Interactive approach to geospatial search combines aerial imagery, reinforcement learning

Framework for large-scale geospatial exploration developed by computer scientists Yevgeniy Vorobeychik, Nathan Jacobs and Anindya Sarkar

Shawn Ballard 01.08.2024

Comparison of search pathway using visual active search (VAS) (left) and the most competitive state-of-the-art approach, greedy selection (right). The VAS framework developed by McKelvey engineers quickly learns to take advantage of visual similarities between regions.

Facebook Twitter Linkedin Email

When combatting complex problems like illegal poaching and human trafficking, efficient yet broad geospatial search tools can provide critical assistance in finding and stopping the activity. A visual active search (VAS) framework for geospatial exploration developed by researchers in the McKelvey School of Engineering at Washington University in St. Louis uses a novel visual reasoning model and aerial imagery to learn how to search for objects more effectively.

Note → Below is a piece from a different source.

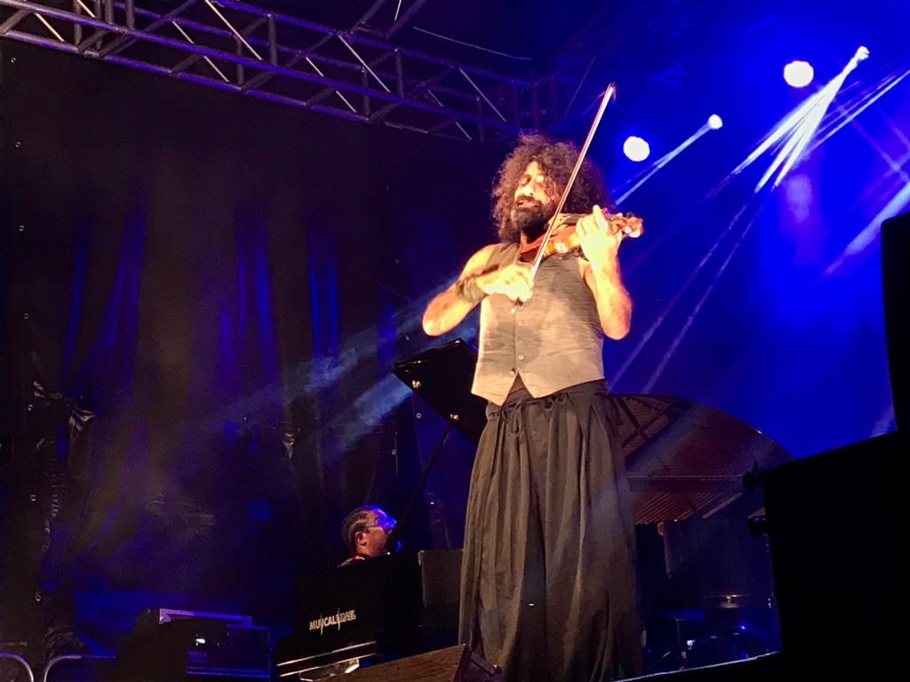 La villa pejina ha asistido ayer noche a un conmovedor espectáculo que mantuvo la atención de los presentes, inmóviles y sin pestañear en sus asientos, durante la mayor parte de la actuación. El violinista Ara Malikian comenzaba su actuación en la oscuridad, acompañado sólo por su violín y portando su mascarilla, caminando por el perímetro que rodeaba los 600 asientos separados entre si a dos metros de distancia. Con su sobrecogedora melodía se abrió paso entre un público que permanecía sigiloso y concentrado hasta llegar al escenario provocando un entusiasta aplauso, al concluir su primer tema, que resonó en el estadio del Charles. Magistralmente acompañado por el pianista Iván “Melón” Lewis, las melodías del violinista trasladaron a los presentes por unos instantes lejos de la constante actualidad de la pandemia. Una actuación de calidad en un guiño simbólico a la Batalla de Flores de la villa, que ha tenido que suspenderse debido al COVID-19. Con todas las medidas de seguridad necesarias, el espíritu alegre y festivo del municipio se abre camino.

The team led by Yevgeniy Vorobeychik and Nathan Jacobs, professors of computer science & engineering, aims to shift computer vision – a field typically concerned with how computers learn from visual information – toward real-world applications and impact. Their cutting-edge framework combines computer vision with adaptive learning to improve search techniques by using previous searches to inform future searches.

“This work is about how to guide physical search processes when you’re constrained in the number of times you can actually search locally,” Jacobs said. “For example, if you’re only allowed to open five boxes, which do you open first? Then, depending on what you found, where do you search next?”

The team’s approach to VAS builds on prior work by collaborator Roman Garnett, associate professor of computer science & engineering in McKelvey Engineering. It marries active search, an area in which Garnett did pioneering research, with visual reasoning and relies on teamwork between humans and artificial intelligence (AI). Humans perform local searches, and AI integrates aerial geospatial images and observations from people on the ground to guide subsequent searches.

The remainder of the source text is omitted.